In August 1962, during a reception at the Weizmann Institute, Flora Solomon told Victor Rothschild, who had worked with MI6 during the Second World War and enjoyed close connections with Mossad, the Israeli intelligence service, that she thought that Tomás Harris and Kim Philby were Soviet spies: "How is it that The Observer uses a man like Kim? Don't they know he's a Communist?" She then went on to tell Rothschild that she suspected that Philby and his friend, Tomás Harris, had been Soviet agents since the 1930s. "Those two were so close as to give me an intuitive feeling that Harris was more than a friend." (20) It would seem that Solomon was motivated by what she considered were Philby's pro-Arab articles in The Observer. It has been argued that "her love for Israel proved greater than her old socialist loyalties." (21) She also suspected that Philby and the KGB had been involved in the death of his wife, Aileen Philby, who had started to suspect him of being a Soviet spy.

Rothschild arranged for Solomon to be interviewed by Arthur Martin. Another MI5 agent, Peter Wright, was also involved and later wrote about it in his book, Spycatcher (1987): "I monitored the interview back at Leconfield House on the seventh floor. Flora Solomon was a strange, rather untrustworthy woman, who never told the truth about her relations with people like Philby in the 1930s, although she clearly had a grudge against him. With much persuasion, she told Arthur a version of the truth. She said she had known Philby very well before the war. She had been fond of him, and when he was working in Spain as a journalist with The Times he had taken her,out for lunch on one of his trips back to London. During the meal he told her he was doing a very dangerous job for peace - he wanted help. Would she help him in the task? He was working for the Comintern and the Russians. It would be a great thing if she would join the cause. She refused to join the cause, but told him that he could always come to her if he was desperate. Arthur held back from quizzing her. This was her story, and it mattered little to us whether she had, in reality, as we suspected, taken more than the passive role she described during the 1930s." (22)

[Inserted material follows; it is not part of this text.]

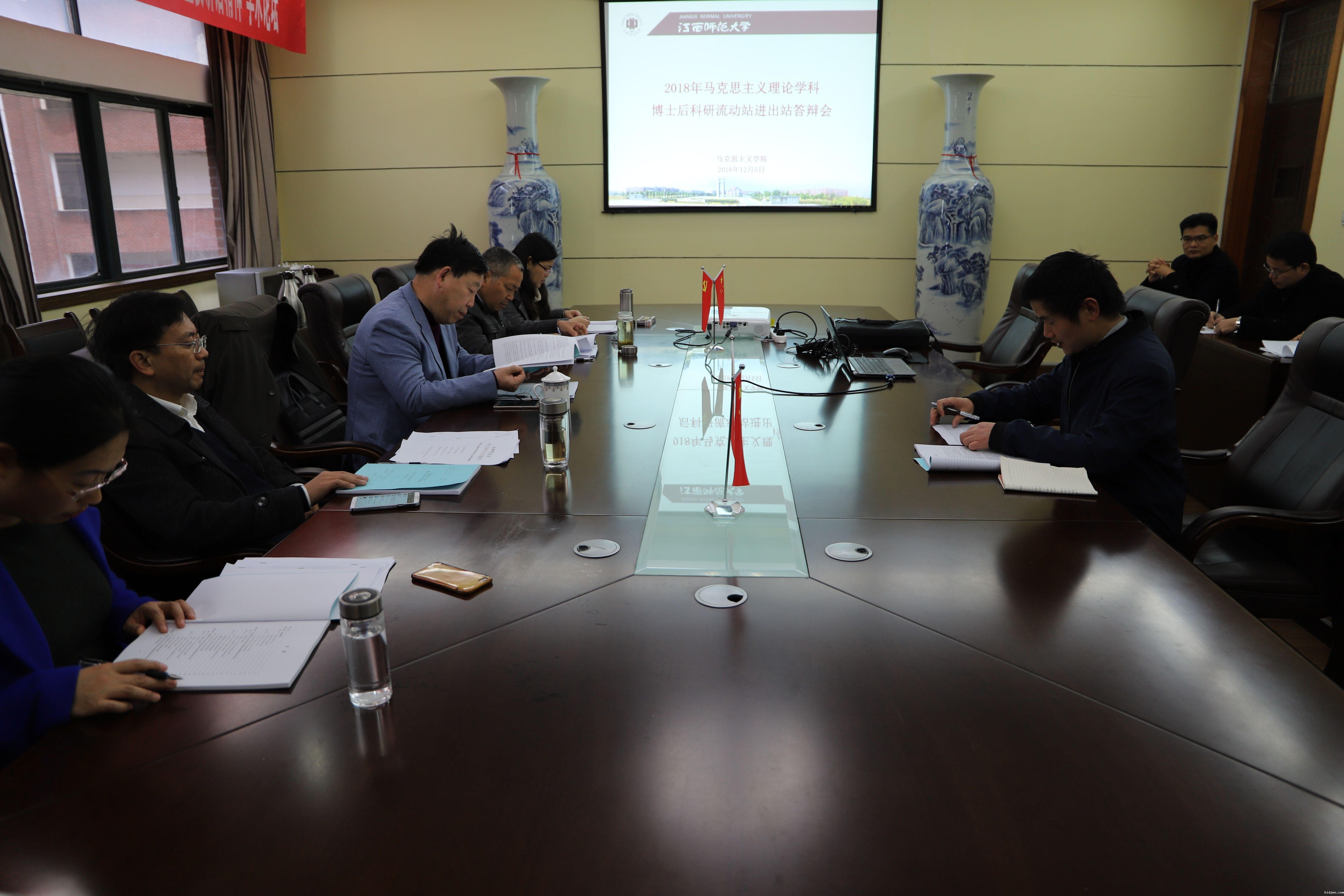 答辩工作共两场,钟俊博士后的出站报告题目是《马克思主义文本中的司法思想及其当代启示》,吴方浪博士后的进站报告题目是《唯物史观视域下的汉代丝路北道经济带丝绸贸易研究》;谭琪红博士后的进站报告题目是《习近平新时代中国特色社会主义思想高校传播研究——以江西本科院校为中心》;刘爱华博士后的进站报告题目是《唯物史观视域下中国春节习俗变革与重构研究》;刘为勇博士后的进站报告题目是《清末官制改革与国家治理结构转型研究》。答辩工作由张艳国教授主持,考核小组对五位博士后的研究工作给予了高度的评价,充分肯定了钟俊博士后在站期间的研究工作,同时也对四位博士后的进站报告提出了中肯的意见。

Arrangements were made to interview Tomás Harris about these charges. However, on 27th January, 1964, he was killed in a motor accident at Lluchmayor, Majorca. Some observers have suggested that Tomás Harris was murdered. Andrew Lownie has argued: "One afternoon driving along a familiar stretch of road in Majorca, where he lived, Harris' new Citroen inexplicably veered off the road. He had not been drinking or speeding and the suspicion has always been that someone had tampered with the car." (23)

Chapman Pincher, the author of Their Trade is Treachery (1981), agrees that it is possible that Harris had been eliminated by the KGB: "The police could find nothing wrong with the car, which hit a tree, but Harris's wife, who survived the crash, could not explain why the vehicle had gone into a sudden slide. It is considered possible, albeit remotely, that the KGB might have wanted to silence Harris before he could talk to the British security authorities, as he was an expansive personality, when in the mood, and was outside British jurisdiction. The information, about which MI5 wanted to question him and would be approaching him in Majorca, could have leaked to the KGB from its source inside MI5." (24) Pincher goes onto argue that the source was probably Roger Hollis, the director-general of MI5.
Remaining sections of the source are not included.